• [YOUR TASK]: An exact transcription of the records is required, minus any images.

[Data extracted from a collection]
•••••

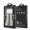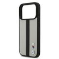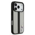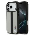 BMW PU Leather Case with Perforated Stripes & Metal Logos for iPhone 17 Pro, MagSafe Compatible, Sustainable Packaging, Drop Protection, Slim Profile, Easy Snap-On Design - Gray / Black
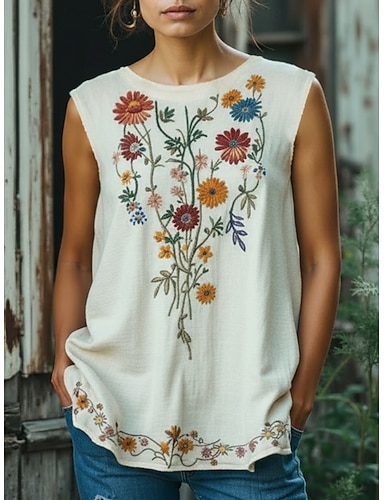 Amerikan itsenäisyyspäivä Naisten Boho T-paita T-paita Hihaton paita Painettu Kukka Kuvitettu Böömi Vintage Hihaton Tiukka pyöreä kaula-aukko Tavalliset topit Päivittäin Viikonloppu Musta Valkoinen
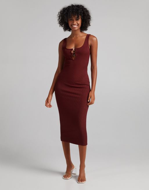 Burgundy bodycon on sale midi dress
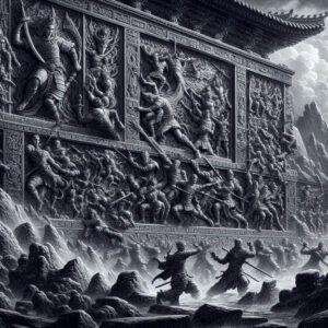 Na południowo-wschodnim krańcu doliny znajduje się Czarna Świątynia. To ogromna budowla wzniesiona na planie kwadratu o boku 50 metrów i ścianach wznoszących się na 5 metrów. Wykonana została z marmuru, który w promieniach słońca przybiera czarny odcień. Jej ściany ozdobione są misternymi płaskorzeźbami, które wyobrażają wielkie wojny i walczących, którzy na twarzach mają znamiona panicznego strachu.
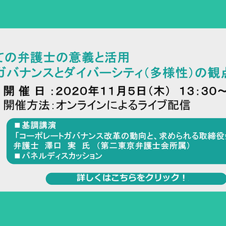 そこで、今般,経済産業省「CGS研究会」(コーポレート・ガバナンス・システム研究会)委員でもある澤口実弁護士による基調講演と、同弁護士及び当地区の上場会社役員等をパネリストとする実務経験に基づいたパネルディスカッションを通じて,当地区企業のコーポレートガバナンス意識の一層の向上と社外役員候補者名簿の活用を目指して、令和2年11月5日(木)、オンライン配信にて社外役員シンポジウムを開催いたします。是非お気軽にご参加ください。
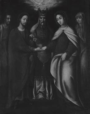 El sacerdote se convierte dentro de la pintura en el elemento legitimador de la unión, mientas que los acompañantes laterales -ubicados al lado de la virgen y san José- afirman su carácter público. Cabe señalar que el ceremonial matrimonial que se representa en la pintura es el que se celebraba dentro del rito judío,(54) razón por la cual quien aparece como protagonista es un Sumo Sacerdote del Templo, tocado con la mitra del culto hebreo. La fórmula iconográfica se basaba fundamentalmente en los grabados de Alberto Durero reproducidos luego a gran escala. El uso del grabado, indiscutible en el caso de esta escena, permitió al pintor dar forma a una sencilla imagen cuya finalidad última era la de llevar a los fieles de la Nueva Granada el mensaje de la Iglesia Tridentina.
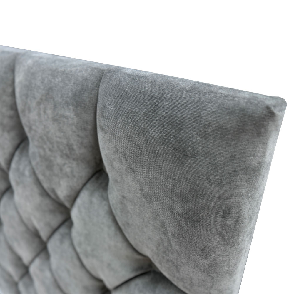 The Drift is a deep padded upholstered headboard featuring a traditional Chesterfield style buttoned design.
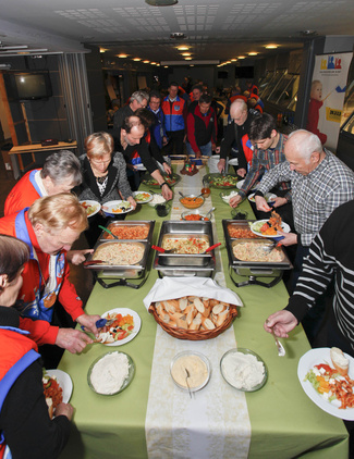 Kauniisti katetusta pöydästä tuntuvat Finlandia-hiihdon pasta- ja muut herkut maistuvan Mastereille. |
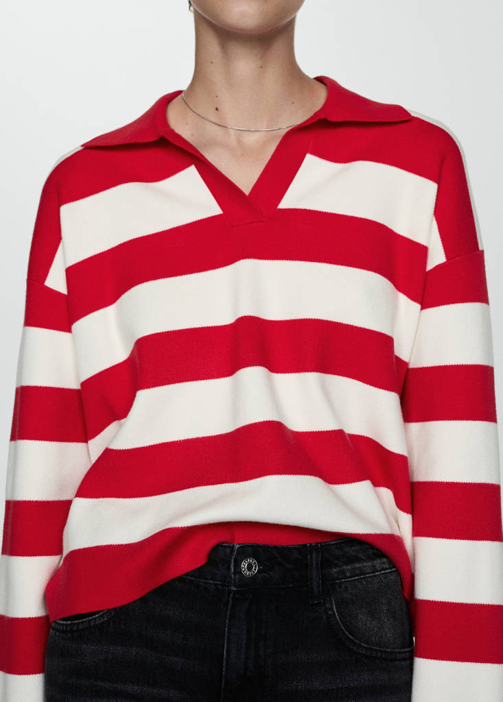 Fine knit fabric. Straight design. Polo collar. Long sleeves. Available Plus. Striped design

•••••

• [TASK RESPONSE]:
 BMW PU Leather Case with Perforated Stripes & Metal Logos for iPhone 17 Pro, MagSafe Compatible, Sustainable Packaging, Drop Protection, Slim Profile, Easy Snap-On Design - Gray / Black
 Amerikan itsenäisyyspäivä Naisten Boho T-paita T-paita Hihaton paita Painettu Kukka Kuvitettu Böömi Vintage Hihaton Tiukka pyöreä kaula-aukko Tavalliset topit Päivittäin Viikonloppu Musta Valkoinen
 Burgundy bodycon on sale midi dress
 Na południowo-wschodnim krańcu doliny znajduje się Czarna Świątynia. To ogromna budowla wzniesiona na planie kwadratu o boku 50 metrów i ścianach wznoszących się na 5 metrów. Wykonana została z marmuru, który w promieniach słońca przybiera czarny odcień. Jej ściany ozdobione są misternymi płaskorzeźbami, które wyobrażają wielkie wojny i walczących, którzy na twarzach mają znamiona panicznego strachu.
 そこで、今般,経済産業省「CGS研究会」(コーポレート・ガバナンス・システム研究会)委員でもある澤口実弁護士による基調講演と、同弁護士及び当地区の上場会社役員等をパネリストとする実務経験に基づいたパネルディスカッションを通じて,当地区企業のコーポレートガバナンス意識の一層の向上と社外役員候補者名簿の活用を目指して、令和2年11月5日(木)、オンライン配信にて社外役員シンポジウムを開催いたします。是非お気軽にご参加ください。
 El sacerdote se convierte dentro de la pintura en el elemento legitimador de la unión, mientas que los acompañantes laterales -ubicados al lado de la virgen y san José- afirman su carácter público. Cabe señalar que el ceremonial matrimonial que se representa en la pintura es el que se celebraba dentro del rito judío,(54) razón por la cual quien aparece como protagonista es un Sumo Sacerdote del Templo, tocado con la mitra del culto hebreo. La fórmula iconográfica se basaba fundamentalmente en los grabados de Alberto Durero reproducidos luego a gran escala. El uso del grabado, indiscutible en el caso de esta escena, permitió al pintor dar forma a una sencilla imagen cuya finalidad última era la de llevar a los fieles de la Nueva Granada el mensaje de la Iglesia Tridentina.
 The Drift is a deep padded upholstered headboard featuring a traditional Chesterfield style buttoned design.
 Kauniisti katetusta pöydästä tuntuvat Finlandia-hiihdon pasta- ja muut herkut maistuvan Mastereille. |
 Fine knit fabric. Straight design. Polo collar. Long sleeves. Available Plus. Striped design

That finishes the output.